=== Aim of the exercise ===
Leave out every picture, then transcribe the rest of the listing exactly.

=== Extracted information ===
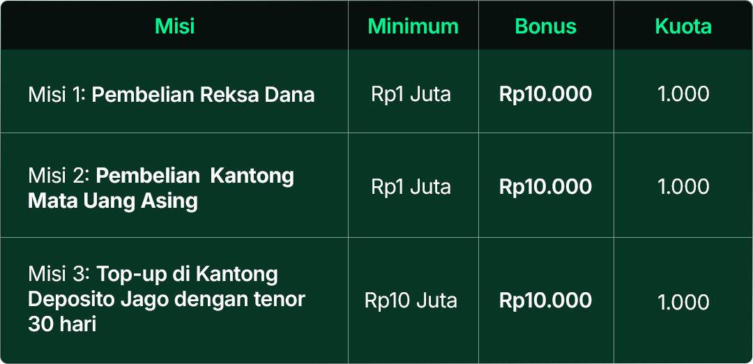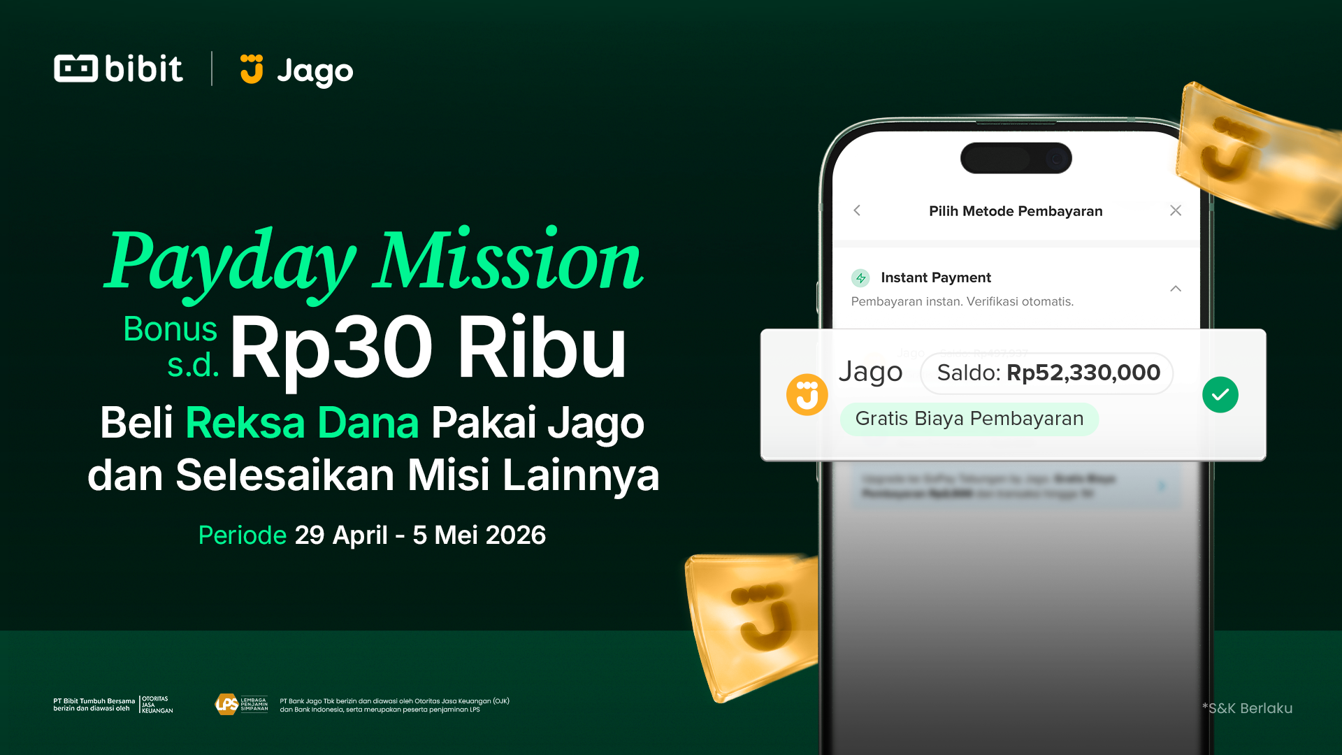 Payday promo kembali hadir khusus bagi pengguna Bibit dan Jago. Lakukan misi berikut dan raih bonus hingga Rp30 ribu. Berikut syarat dan ketentuannya.
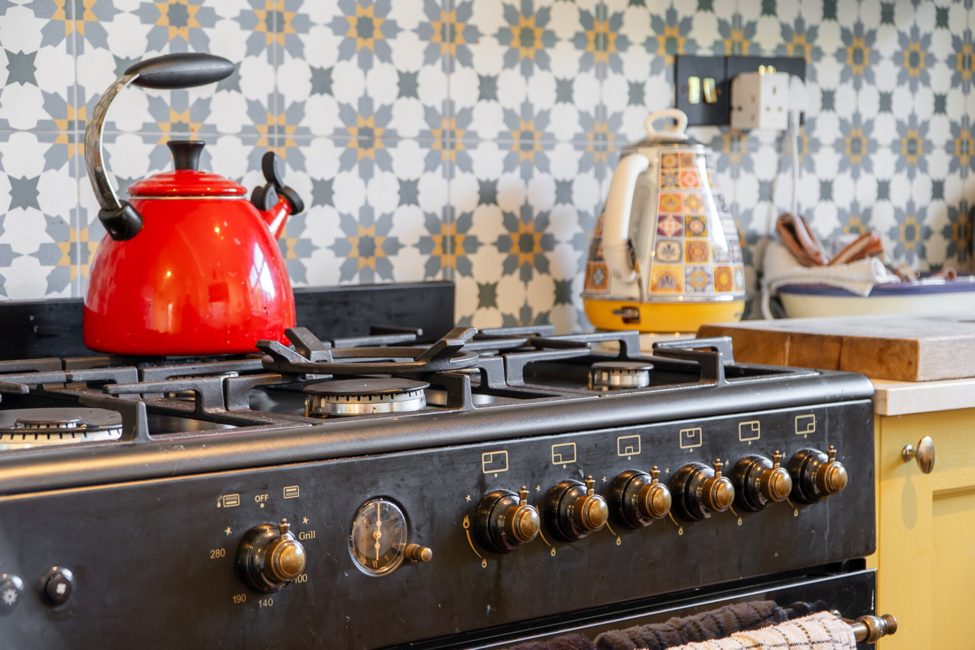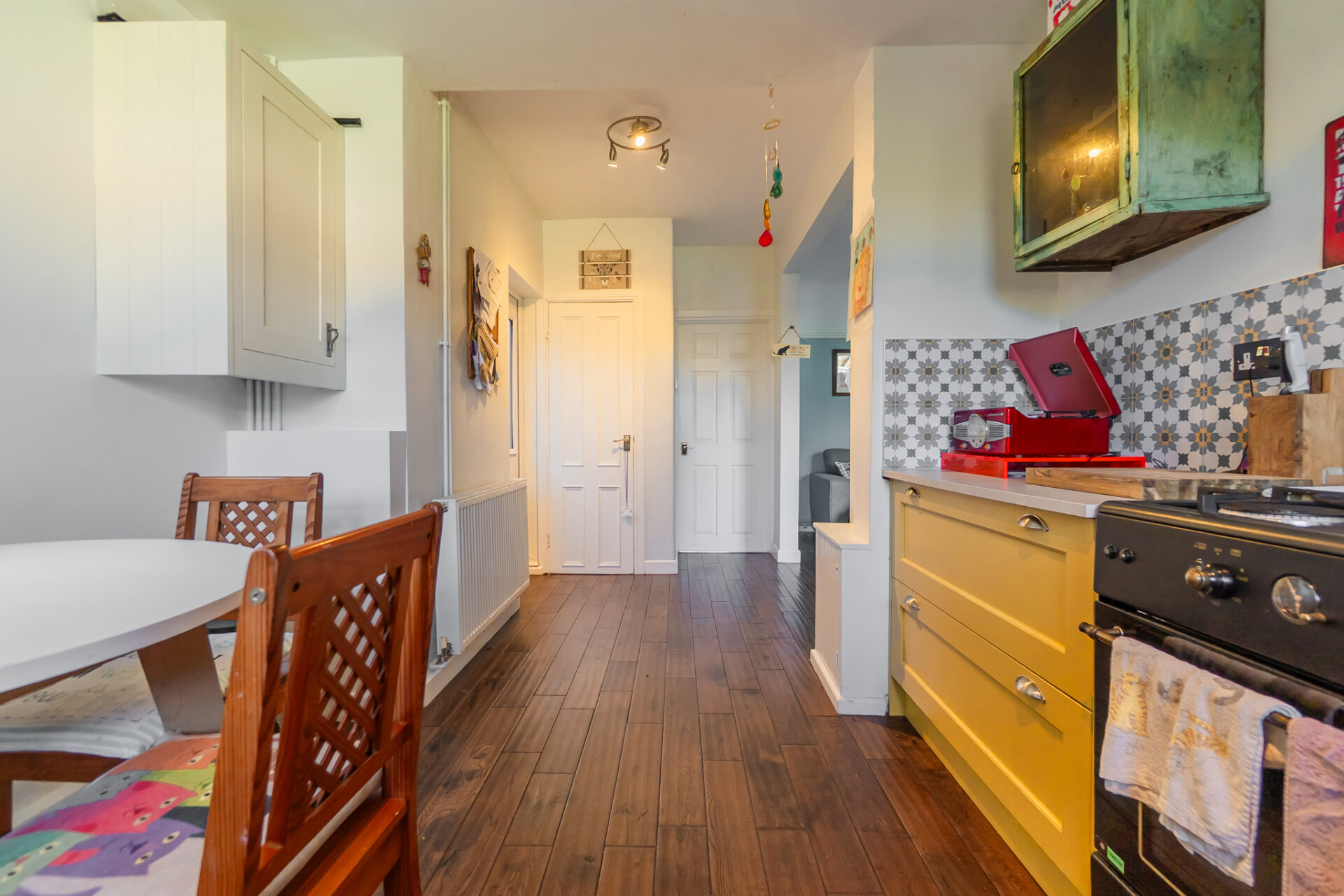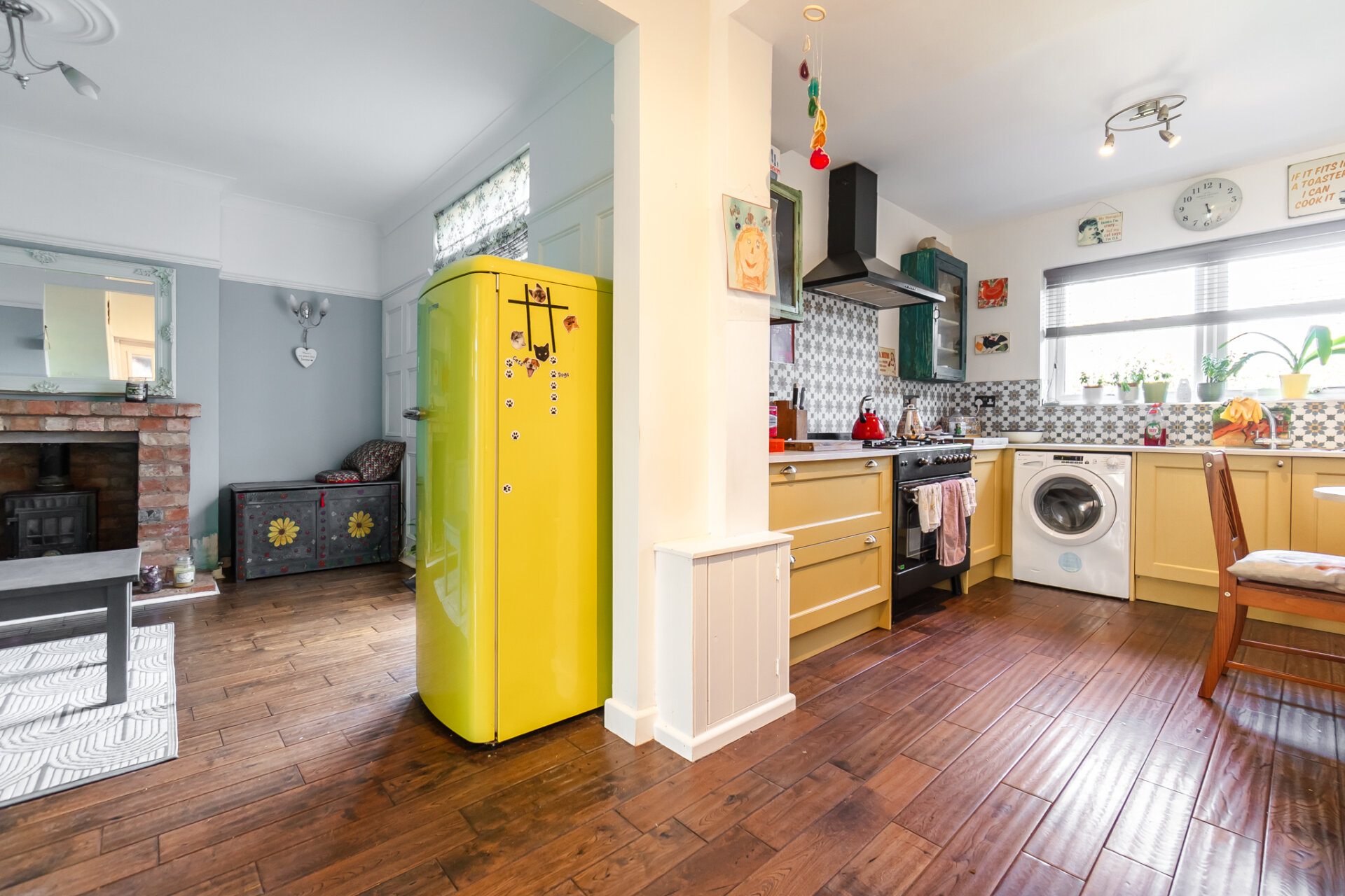 The kitchen is a particularly joyful expression of the home’s personality. Arranged in a practical layout, it combines sensibility with playful detailing: warm yellow cabinetry, patterned tiled splashbacks and open shelving create a layered feel. A range cooker anchors the space, while a large window above the sink draws in garden views and daylight throughout the day. There is room for dining, reinforcing the kitchen’s role as the social heart of the home. A wide opening connects back to the living space, allowing for an easy, sociable flow.
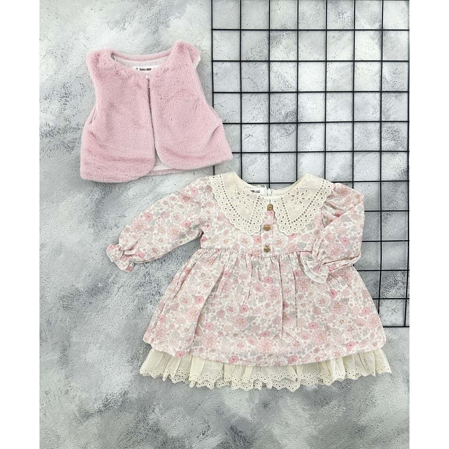 BEBİÇO 5433 PELUŞ YELEKLİ ÇİÇEKLİ ELBİSE - PEMBE - 6-9 AY
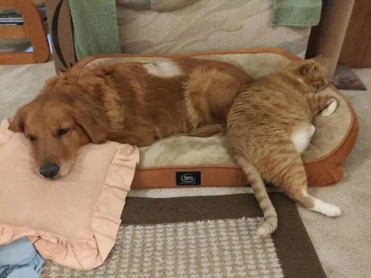 #1 “She’d been at the vet for a while, and her ace big bro stayed this way all day when she got back”
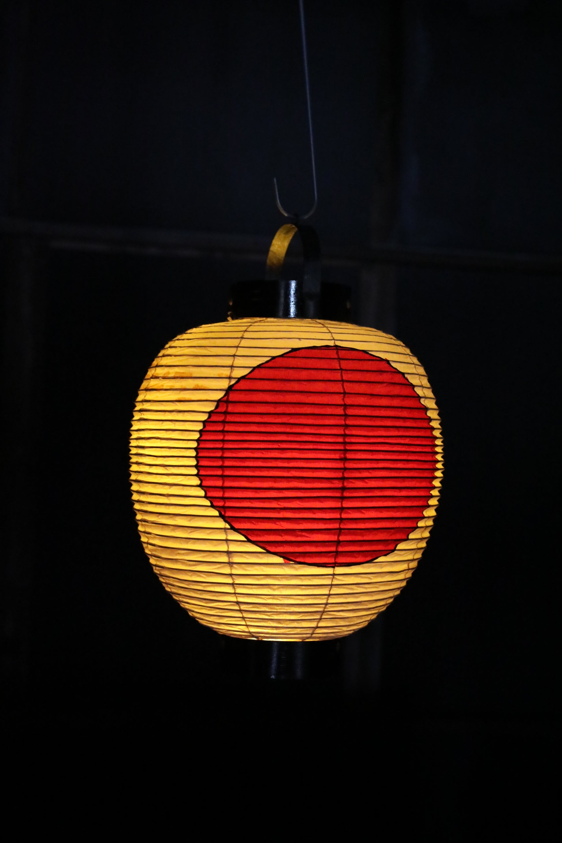 Originally, it was made to decorate stalls at festivals held at Japanese shrines. It features a red circle design because in Japan and China, the color red has long been considered a symbol of good fortune, prosperity, warding off evil spirits, and lively gatherings. Furthermore, since the Edo period, the red circle evokes the image of fire, leading to the custom of hanging red lanterns as markers for restaurants and eateries.
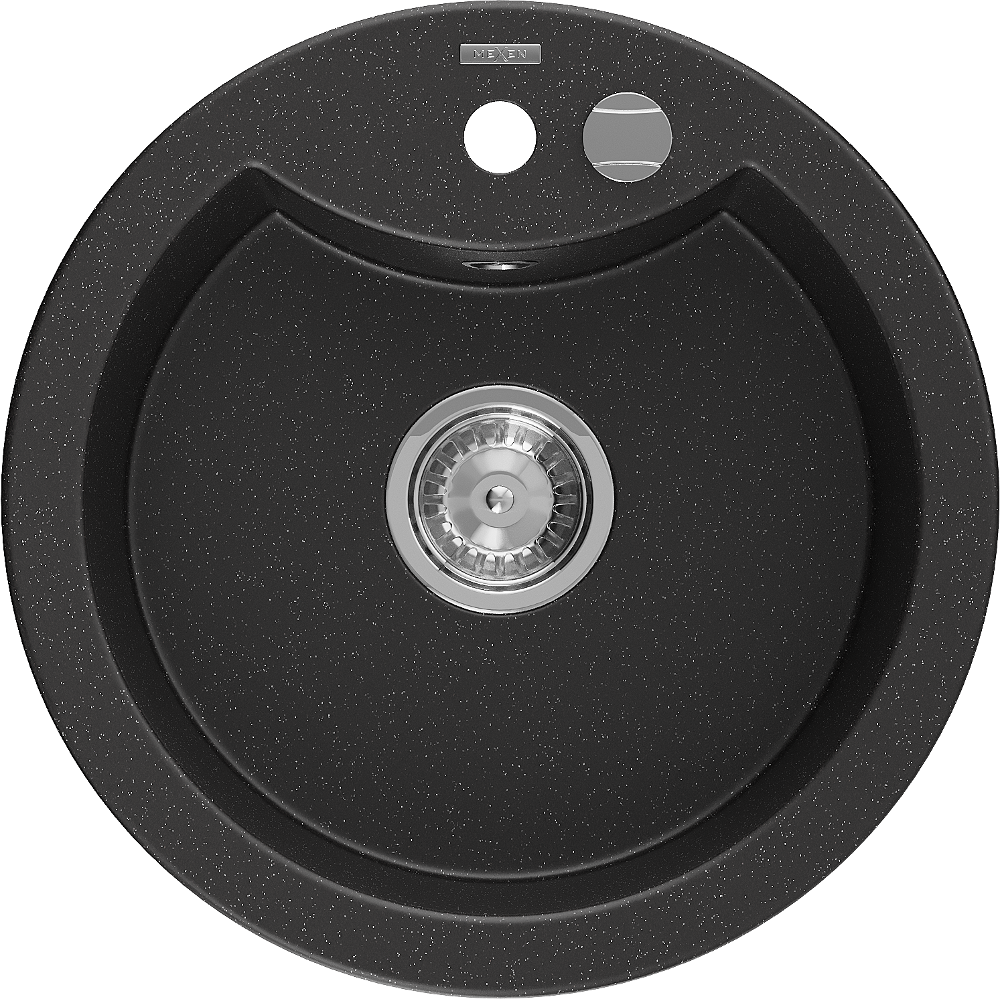 Мивка Mexen Diego от гранит с 1 отделение 488 x 480 мм, черен/сребърен металик, хромиран сифон - 6512481000-73
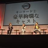 また「『鬼滅の刃』を紐解くキーワード」コーナーの「個性的すぎるキャラクター」では、下野が「アニメだから原作よりもいろいろと抑えている部分があると思っていたけれど、ほぼ同じ。そのため、必然と叫ぶことが多くなり、最初はどこまで行けるか不安もありながら、最近は逆にどこまで自分が声を出せるのか楽しくなっています」と限界に挑戦していることを明かした。大塚芳忠、梶裕貴、子安武人、緑川光ら“豪華絢爛なキャスト”との共演について、鬼頭は「大先輩しかいない現場で、(禰豆子は)セリフが少ないぶん、みなさんの演技を見て勉強しています」、櫻井は「どこを向いても豪華キャスト」と収録を振り返る。
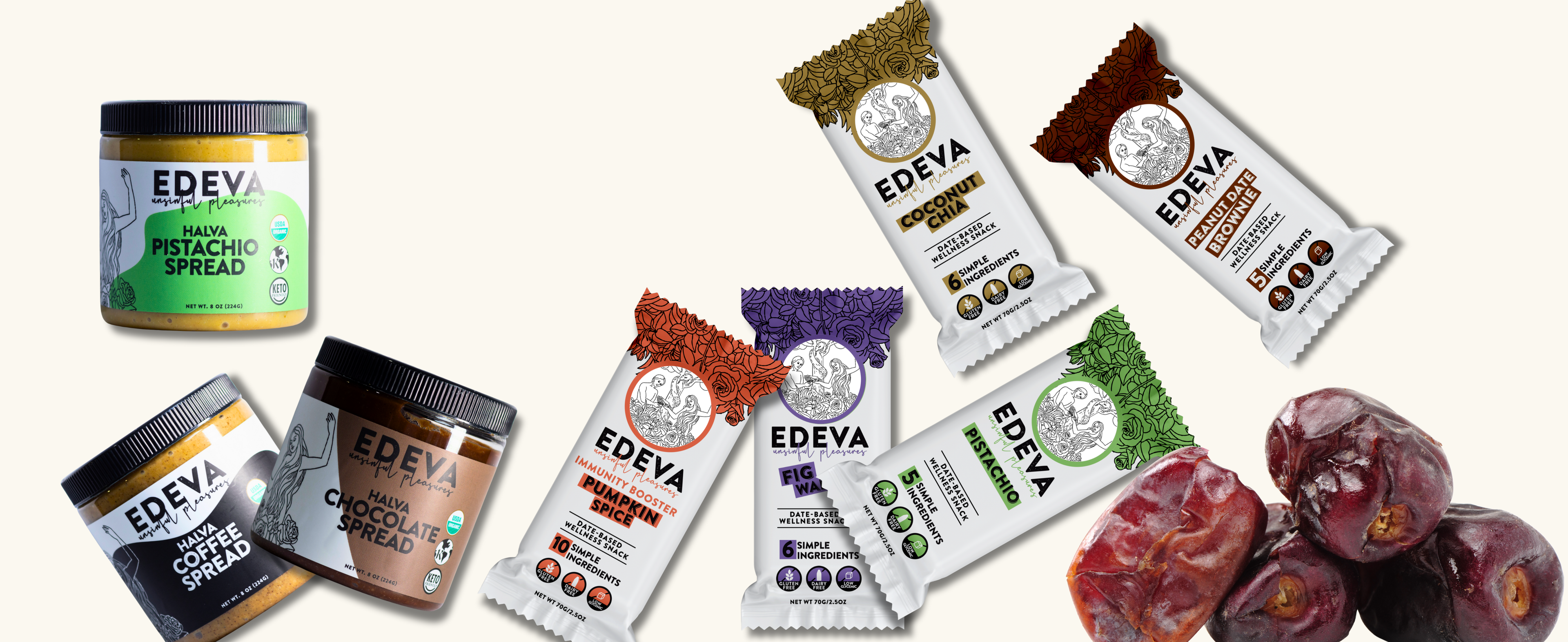 From energizing date bars to creamy, nutrient-rich halva spreads, each EDEVA product is thoughtfully crafted to fit beautifully into your everyday routine—helping you feel fueled, balanced, and inspired, one delicious bite at a time.

=== Task solution ===
 Payday promo kembali hadir khusus bagi pengguna Bibit dan Jago. Lakukan misi berikut dan raih bonus hingga Rp30 ribu. Berikut syarat dan ketentuannya.
 The kitchen is a particularly joyful expression of the home’s personality. Arranged in a practical layout, it combines sensibility with playful detailing: warm yellow cabinetry, patterned tiled splashbacks and open shelving create a layered feel. A range cooker anchors the space, while a large window above the sink draws in garden views and daylight throughout the day. There is room for dining, reinforcing the kitchen’s role as the social heart of the home. A wide opening connects back to the living space, allowing for an easy, sociable flow.
 BEBİÇO 5433 PELUŞ YELEKLİ ÇİÇEKLİ ELBİSE - PEMBE - 6-9 AY
 #1 “She’d been at the vet for a while, and her ace big bro stayed this way all day when she got back”
 Originally, it was made to decorate stalls at festivals held at Japanese shrines. It features a red circle design because in Japan and China, the color red has long been considered a symbol of good fortune, prosperity, warding off evil spirits, and lively gatherings. Furthermore, since the Edo period, the red circle evokes the image of fire, leading to the custom of hanging red lanterns as markers for restaurants and eateries.
 Мивка Mexen Diego от гранит с 1 отделение 488 x 480 мм, черен/сребърен металик, хромиран сифон - 6512481000-73
 また「『鬼滅の刃』を紐解くキーワード」コーナーの「個性的すぎるキャラクター」では、下野が「アニメだから原作よりもいろいろと抑えている部分があると思っていたけれど、ほぼ同じ。そのため、必然と叫ぶことが多くなり、最初はどこまで行けるか不安もありながら、最近は逆にどこまで自分が声を出せるのか楽しくなっています」と限界に挑戦していることを明かした。大塚芳忠、梶裕貴、子安武人、緑川光ら“豪華絢爛なキャスト”との共演について、鬼頭は「大先輩しかいない現場で、(禰豆子は)セリフが少ないぶん、みなさんの演技を見て勉強しています」、櫻井は「どこを向いても豪華キャスト」と収録を振り返る。
 From energizing date bars to creamy, nutrient-rich halva spreads, each EDEVA product is thoughtfully crafted to fit beautifully into your everyday routine—helping you feel fueled, balanced, and inspired, one delicious bite at a time.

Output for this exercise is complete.